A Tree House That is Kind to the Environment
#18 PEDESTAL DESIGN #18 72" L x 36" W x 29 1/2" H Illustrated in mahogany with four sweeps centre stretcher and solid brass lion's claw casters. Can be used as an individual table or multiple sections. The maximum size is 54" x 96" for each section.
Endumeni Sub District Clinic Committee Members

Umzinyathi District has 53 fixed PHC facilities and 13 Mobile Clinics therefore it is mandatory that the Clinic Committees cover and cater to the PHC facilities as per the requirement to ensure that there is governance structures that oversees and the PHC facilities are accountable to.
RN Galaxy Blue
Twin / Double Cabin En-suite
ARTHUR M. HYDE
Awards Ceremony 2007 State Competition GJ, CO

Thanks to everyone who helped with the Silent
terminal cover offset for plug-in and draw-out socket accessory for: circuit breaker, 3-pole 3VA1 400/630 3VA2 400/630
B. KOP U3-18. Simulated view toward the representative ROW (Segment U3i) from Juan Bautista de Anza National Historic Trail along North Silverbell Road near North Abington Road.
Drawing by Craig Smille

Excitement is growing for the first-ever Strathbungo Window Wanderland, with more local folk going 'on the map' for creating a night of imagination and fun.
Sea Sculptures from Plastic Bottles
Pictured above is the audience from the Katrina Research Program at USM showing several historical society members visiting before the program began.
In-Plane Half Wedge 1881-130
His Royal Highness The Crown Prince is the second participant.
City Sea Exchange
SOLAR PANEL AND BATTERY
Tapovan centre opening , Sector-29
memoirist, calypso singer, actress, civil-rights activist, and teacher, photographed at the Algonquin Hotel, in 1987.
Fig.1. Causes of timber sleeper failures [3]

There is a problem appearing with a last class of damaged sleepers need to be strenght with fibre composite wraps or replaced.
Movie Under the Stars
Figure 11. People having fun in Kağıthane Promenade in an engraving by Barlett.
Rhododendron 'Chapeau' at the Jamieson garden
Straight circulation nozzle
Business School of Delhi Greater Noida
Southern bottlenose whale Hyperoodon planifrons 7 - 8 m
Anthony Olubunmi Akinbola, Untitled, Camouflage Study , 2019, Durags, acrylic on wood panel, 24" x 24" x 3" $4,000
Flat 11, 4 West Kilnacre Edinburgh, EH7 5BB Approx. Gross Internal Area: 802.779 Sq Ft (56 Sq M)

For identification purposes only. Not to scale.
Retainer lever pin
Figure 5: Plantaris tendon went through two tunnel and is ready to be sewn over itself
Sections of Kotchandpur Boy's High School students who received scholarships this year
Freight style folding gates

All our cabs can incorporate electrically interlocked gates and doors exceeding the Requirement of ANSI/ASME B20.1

(Work item)
Exactly the lines above from the one with "Figure 11. People" to the one with "Freight style folding gates", both included, are to be quoted; leave the rest out.

(Response area)
Figure 11. People having fun in Kağıthane Promenade in an engraving by Barlett.
Rhododendron 'Chapeau' at the Jamieson garden
Straight circulation nozzle
Business School of Delhi Greater Noida
Southern bottlenose whale Hyperoodon planifrons 7 - 8 m
Anthony Olubunmi Akinbola, Untitled, Camouflage Study , 2019, Durags, acrylic on wood panel, 24" x 24" x 3" $4,000
Flat 11, 4 West Kilnacre Edinburgh, EH7 5BB Approx. Gross Internal Area: 802.779 Sq Ft (56 Sq M)

For identification purposes only. Not to scale.
Retainer lever pin
Figure 5: Plantaris tendon went through two tunnel and is ready to be sewn over itself
Sections of Kotchandpur Boy's High School students who received scholarships this year
Freight style folding gates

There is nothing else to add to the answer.